Dear Dr Nina: My son is going through a hard time. How can I help?
Ask the GP...
I'm really worried about my son. He lost his job two years ago. Since then his marriage has split up and he ended up moving back in with his dad and me. He's in his forties, and while he used to be quite active - playing football and so on - he now just sits around the house watching TV. He rarely sees his friends, takes no exercise and smokes a lot. He never used to be overweight, but he's piled on the pounds in the past few years and I'm worried he's going to have a heart attack. I'm always out walking with the family dog, but I can't get him to join me. He has a very bad cough, which hasn't shifted for months and he just says I'm worrying about nothing when I say anything. What can I do to help him?
Dr Nina replies: You are right to be concerned about your son. You describe many symptoms of depression. This is very common affecting up to one-in-nine people during their lifetime. Unfortunately, all too often those affected simply withdraw into themselves and don't seek the help and support they need. It's heartbreaking watching someone you love hurt so much. For you gaining an understanding of depression is important and it'll give you the strength to help him.
Low mood becomes depression when the symptoms are persistent - being present daily for at least two weeks. There are eight main symptoms. These are: feeling sad; low energy; poor concentration; disturbed sleep (excess fatigue or broken sleep); lack of interest or social withdrawal; feelings of guilt or low self worth; physical aches or upset; feeling life isn't worth living.
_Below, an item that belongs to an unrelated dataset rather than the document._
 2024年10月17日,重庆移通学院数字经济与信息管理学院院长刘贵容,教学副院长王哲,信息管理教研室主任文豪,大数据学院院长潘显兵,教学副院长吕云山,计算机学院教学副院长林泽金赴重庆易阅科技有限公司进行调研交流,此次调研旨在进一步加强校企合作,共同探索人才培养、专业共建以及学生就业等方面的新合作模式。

If five or more of these symptoms are present a diagnosis of depression is likely. Depression can occur after a major life event such as job loss or bereavement or can occur with no obvious cause. Whatever the reason for depression it's important to realise that it is a treatable condition and does not need to be endured in silence.
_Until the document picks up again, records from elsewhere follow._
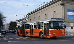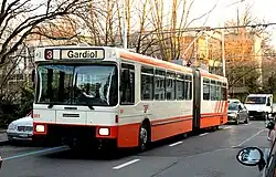 | Articulé[27] | Berna/SWS | SAAS | 21 | 601-621 en 1988 : 609, 618 et 607 renumérotés 32, 96 et 99 (véhicules école) | 1965 | 1988 (601, 606, 608, 610, 614, 619 et 620) 1991 (32 et 96) 1992 (99, 602 à 605, 611 à 613, 615 à 617 et 621) | Première série de trolleybus articulés à Genève. | ![]() |
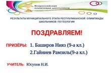 По итогам муниципального этапа Республиканской олимпиады школьников по ГЕОЛОГИИ ученики 9 класса Баширов Нияз и Гайниев Рамзиль стали призёрами. Молодцы! Желаем дальнейших успехов.
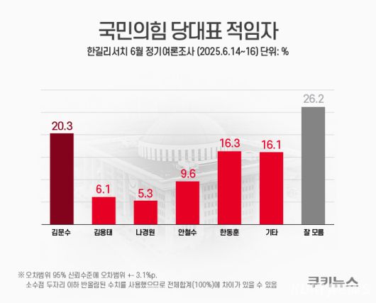 쿠키뉴스 의뢰로 여론조사 전문기관 한길리서치가 지난 14일부터 16일까지 전국에 거주하는 만 18세 이상 남녀 1008명을 대상으로 ‘차기 당대표 적임자’를 묻자 김 전 후보(20.3%)와 한 전 대표(16.3%) 오차범위 내 접전을 벌였다. 뒤이어 안철수 의원 9.6%, 김용태 비상대책위원장 6.1%, 나경원 의원 5.3% 순으로 나타났다. 잘 모름과 기타는 각각 26.2%, 16.1%로 집계됐다.
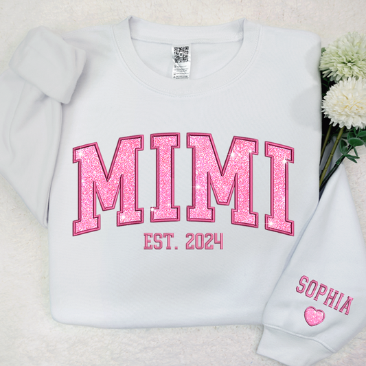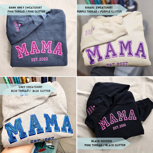 Personalized Mama EST Embroidered Glitter Sweatshirt With Kids Names
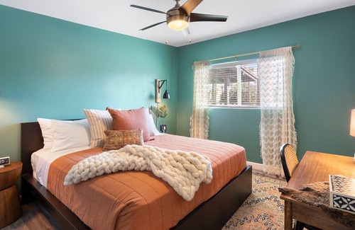 The Sunset Haus is a stylish two-bedroom apartment in the heart of Phoenix – filled with the coziness and colors of a Southwest sunset. Come relax in our living room, modern kitchen, two bedrooms and more. And live your best Phoenix life with our community amenities: From swimming and splash pools to a fire pit and arcade games. On the practical side, there is a laundry room and covered parking. Plus our central location which beckons city exploration.

Despite huge media campaigns as regards mental health there still remains a stigma attached to depression. People who are depressed often end up socially isolated and this makes improved mood less likely. Many people are also afraid of what the treatment might involve and so don't approach a health professional about their feelings.
The fact is that treatment for depression has improved greatly over recent years and it can be tailored to each individual's personality and needs. In mild depression lifestyle change and psychological therapies have been shown to be as effective as medication. Exercise releases endorphins which are natural feel-good hormones and simply taking a daily walk can help improve mood. Eating a healthy, varied diet also helps. Caffeine and alcohol should be kept to a minimum as both have an adverse effect on mood. When feeling low it can be hard to motivate oneself to change, but I usually recommend setting small goals and this can lead to a sense of achievement which helps improve mood. Writing down thoughts and then discarding them can help relieve tension.
Counselling and psychotherapy are invaluable in low mood. In more severe depression, medication is usually required, but should not be feared. In most cases an initial course of six months treatment is given.
The most important factor in recovery from depression is social contact. Those who talk to family, friends and health professionals fare much better than those who suffer in silence.
As a parent your instinct is to fix things, but this can make those affected feel all the more worthless and useless. You son has to be ready to seek out help. You can help most by offering to listen, letting him know you support him and providing him with contacts and info he can reach out to himself. Websites such as yourmentalhealth.ie and aware.ie can be a great source of information.
Q. I have two angry-looking red patches on both of my legs and nowhere else — I’m wondering if it could be psoriasis or eczema? I have psoriasis in my hair sometimes but never on my body. What would the best cream be to use for it?
Dr Nina replies: It is essential for a doctor to have a good look at any skin condition in order to make a diagnosis. Patches of inflammation can be anything from a local bite or eczema, to more diffuse conditions such as psoriasis or even skin cancer. I always advise patients to take a picture of any unusual skin change or rash so if it has eased by the time they see a doctor there is still a visual clue.
Psoriasis can also cause irritated patches of skin anywhere on the body. This is a chronic skin condition thought to affect approximately 2pc of people. It causes itchy or sore patches of thick red skin with silvery scales.
We are all constantly shedding skin and in most people it takes about a month for a layer of skin to renew itself from the deeper to the outer layers. However, in psoriasis it occurs a matter of days. This rapid shedding of skin layers can result in thickening and redness leading to what is referred to as plaques of thickened scaly skin. Psoriasis usually appears between 10 and 45 years of age.
Psoriasis can occur in anyone. It often runs in families and one in three people affected have a family member who also has the condition. It can occur with other medical conditions, such as HIV or streptococcus (bacteria that commonly causes throat infection). Stress, smoking, and excess alcohol can all make it worse or cause flares. Other triggers include certain medications such as certain blood pressure or heart tablets, anti-inflammatory painkillers, anti-malaria tablets, injury to the skin, or cold weather.
Psoriasis is a chronic condition and may never go away completely but there are many treatments available and they can reduce flares and improve skin condition. The goal of treatment is to slow down the skin turnover and remove scales.
I would suggest a visit to your GP is in order so a proper diagnosis can be made and then the appropriate treatment advised.